Question

When 50.0 ml of a 0.3000 m agno3 solution is added to 50.0 ml of a solution of mgcl2, an agcl precipitate forms immediately. the precipitate is then filtered from the solution, dried, and weighed. if the recovered agcl is found to have a mass of 0.1183 g, what as the concentration of magnesium ions in the original mgcl2 solution?

Answer 1

0.0165 m The balanced equation for the reaction is AgNO3 + MgCl2 ==> AgCl + Mg(NO3)2 So it's obvious that for each Mg ion, you'll get 1 AgCl molecule as a product. Now calculate the molar mass of AgCl, starting with looking up the atomic weights. Atomic weight silver = 107.8682 Atomic weight chlorine = 35.453 Molar mass AgCl = 107.8682 + 35.453 = 143.3212 g/mol Now how many moles were produced? 0.1183 g / 143.3212 g/mol = 0.000825419 mol So we had 0.000825419 moles of MgCl2 in the sample of 50.0 ml. Since concentration is defined as moles per liter, do the division. 0.000825419 / 0.0500 = 0.016508374 mol/L = 0.016508374 m Rounding to 3 significant figures gives 0.0165 m

Answer 2

Answer:

$0.00826\ molar.$

Explanation:

The balanced reaction is:

$2AgNO_3+MgCl_2-->2AgCl+Mg(NO_3)_2$

We know, number of moles = $\dfrac{Given\ mass}{Molar\ mass}.$

Therefore, moles of AgCl formed=$\dfrac{0.1183}{143}=0.000827\ moles.$        ( Molar mass of AgCl is 143 gm)

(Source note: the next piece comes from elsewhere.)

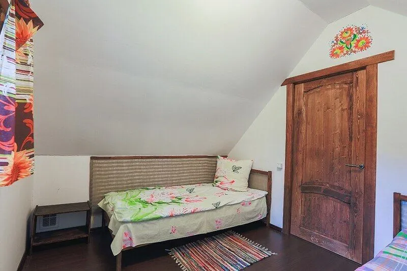 Двухэтажный коттедж в молдавском стиле. Внутри большая печь, камин на дровах, предметы старинного деревенского быта, мебель из дерева. Терраса. перед домом мангал.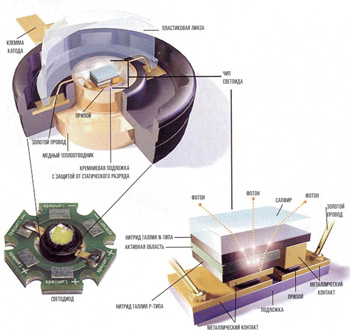 Светодиод или светоизлучающий диод - полупроводниковый прибор, излучающий некогерентный свет при пропускании через него электрического тока. Излучаемый свет лежит в узком участке спектра, его цветовые характеристики зависят от химического состава использованного в светодиоде полупроводника.

From the balanced equation 1 mol of $MgCl_2$ forms 2 mol of AgCl.

Therefore, 0.000827 mol of AgCl was formed by

$\dfrac{0.000827}{2}=0.0004135\ mol$

Now concentration of $MgCl_2=\dfrac{moles\ of\ MgCl_2}{Volume\ in\ Liters}=\dfrac{0.000413}{0.050}\ molar=0.00826\ molar.$

Hence, this is the required solution.